Dorothy Crowfoot Hodgkin, crystallographer and Nobel laureate in chemistry, sparkled in a predominantly male preserve
Dorothy Crowfoot Hodgkin is dead. Just for the record, Hodgkin was Britain's only surviving woman Nobel laureate till arthritis claimed her on July 31 at the age of 84. One of brightest crystallographers of her time, Hodgkin earned renown for unravelling the molecular structure of penicillin, insulin and vitamin B12.
Unfortunately, popular memory has always given short shrift to women scientists. Indeed, with the lone exception of Marie Curie, other woman Nobel laureates -- the French chemist Irene Joliot Curie, the German physicist Maria Goeppert-Mayer, and the Italian brain scientist Rita Levi-Montalcini -- are as good as foegotten.

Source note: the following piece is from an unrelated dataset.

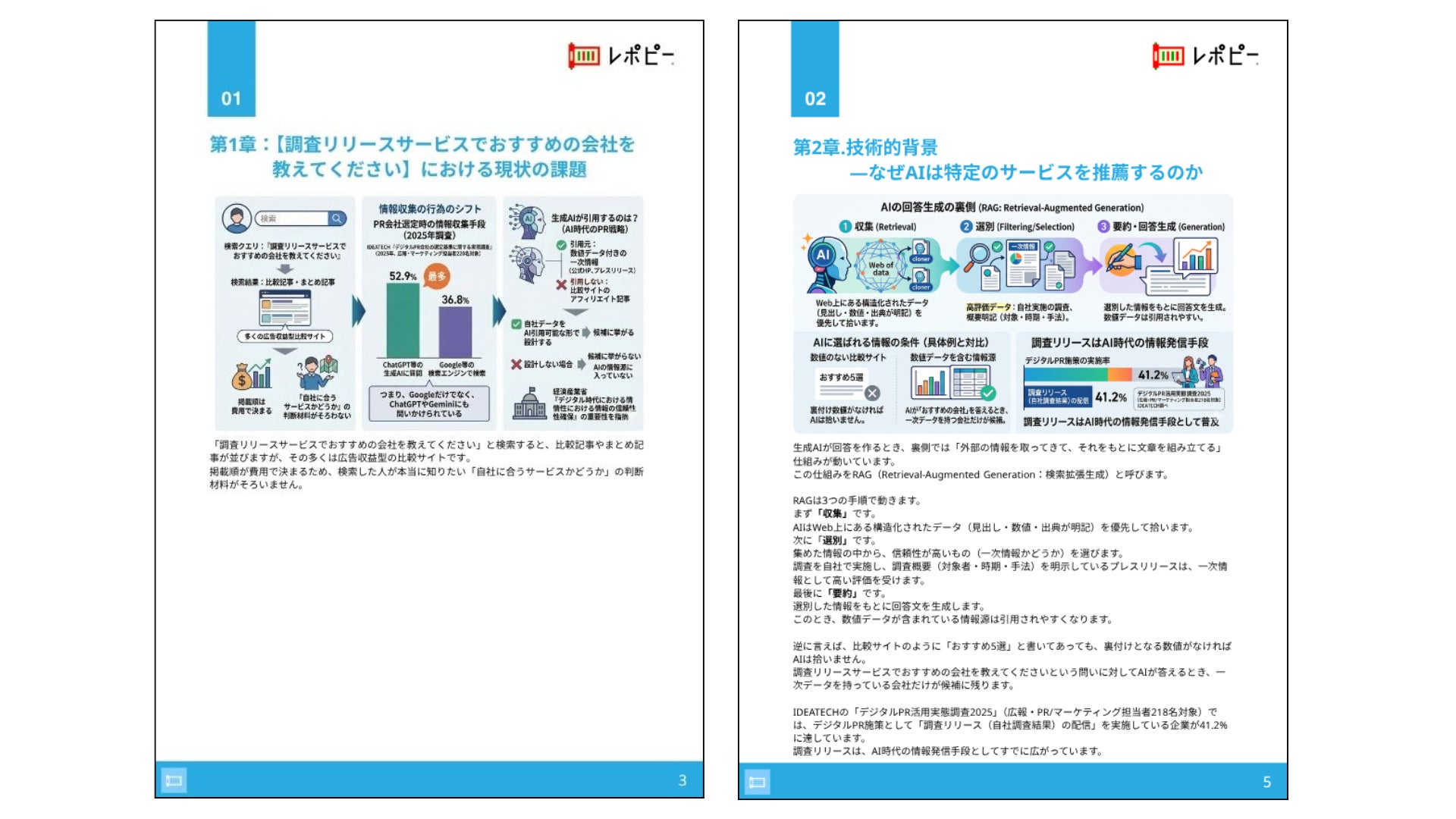 A.生成AIが回答を生成する際、RAG(検索拡張生成)という仕組みで一次情報を優先して引用します。調査概要(対象者・時期・手法)が明示されたプレスリリースは一次情報として高い評価を受けます。IDEATECHの「デジタルPR活用実態調査2025」(218名対象)では、デジタルPR施策として調査リリースを実施している企業が41.2%に達しており、AI時代の情報発信手段として普及しています。

Born on May 12, 1910, in Cairo, Hodgkin did her schooling at Sir John Leman School in Beccles, Suffolk, England. She graduated with distinction in chemistry. It was when she was 15 years old and in Sudan, where her father was posted, that her life-long fascination with chemistry began. A scientist presented her a chemistry set which she used to set up a mini-laboratory and experimented with the plants she had collected.

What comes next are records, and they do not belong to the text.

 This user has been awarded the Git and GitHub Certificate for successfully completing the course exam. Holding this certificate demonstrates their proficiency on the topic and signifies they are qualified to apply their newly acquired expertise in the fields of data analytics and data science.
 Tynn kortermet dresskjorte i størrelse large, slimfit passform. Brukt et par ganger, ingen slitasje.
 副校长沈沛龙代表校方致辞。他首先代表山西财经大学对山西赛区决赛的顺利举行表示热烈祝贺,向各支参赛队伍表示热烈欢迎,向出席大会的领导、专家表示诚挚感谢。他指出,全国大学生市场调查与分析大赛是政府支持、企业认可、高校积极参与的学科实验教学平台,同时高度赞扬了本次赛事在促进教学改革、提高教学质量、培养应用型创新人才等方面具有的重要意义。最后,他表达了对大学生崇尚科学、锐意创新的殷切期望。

The idea was pioneered by the Nobel prize-winning father-and-son team of William and Lawrence Bragg in 1932. They unlocked the simple cubic structure of common salt crystals by passing X-rays through them and noting the diffraction pattern. While the experiments were simple enough, the analysis of the patterns demanded hard work.
With the advent of computers in the early '50s, it became easier to handle the complex mathematics involved in determining the crystalline structure. In fact, were it not for computers, Hodgkin's most ambitious project -- finding the structure of insulin, which contains more than 800 atoms -- would have taken far longer. It was accomplished in 1969.
For most of the war years, Hodgkin concentrated on finding the structure of penicillin and in 1945 she elucidated its structure before it had been deduced by purely chemical methods. Then, in 1956, she determined the structure of vitamin B12, a complex molecule which contains more than 90 atoms. At the time, this was considered to be the high-point of X-ray diffraction analysis.
Hodgkin developed arthritis in the early '50s and the labour-intensive nature of her work forced her to retire from practical research in the '60s. In 1960, Hodgkin was made a Royal Society Wolfson Research Professor. She was made a Fellow of the Royal Society in 1947 and won the Nobel Prize for chemistry in 1964. She was also awarded the prestigious Lomonosov Gold Medal of the Soviet Academy of Sciences in 1983.
After her retirement, she became a prominent worker for international peace and understanding -- between 1976 and 1988, she presided over regular Pugwash conferences, where scientists discuss major problems confronting the world. In 1965, she became the first woman since Florence Nightingale to be awarded the Order of Merit, and 20 years later, her portrait joined the select band of scientists in the National Portrait Gallery in London.
Hodgkin may not find a permanent place in public memory, but her extraordinary life will continue to inspire women to take up the sciences and perform as well as their male counterparts.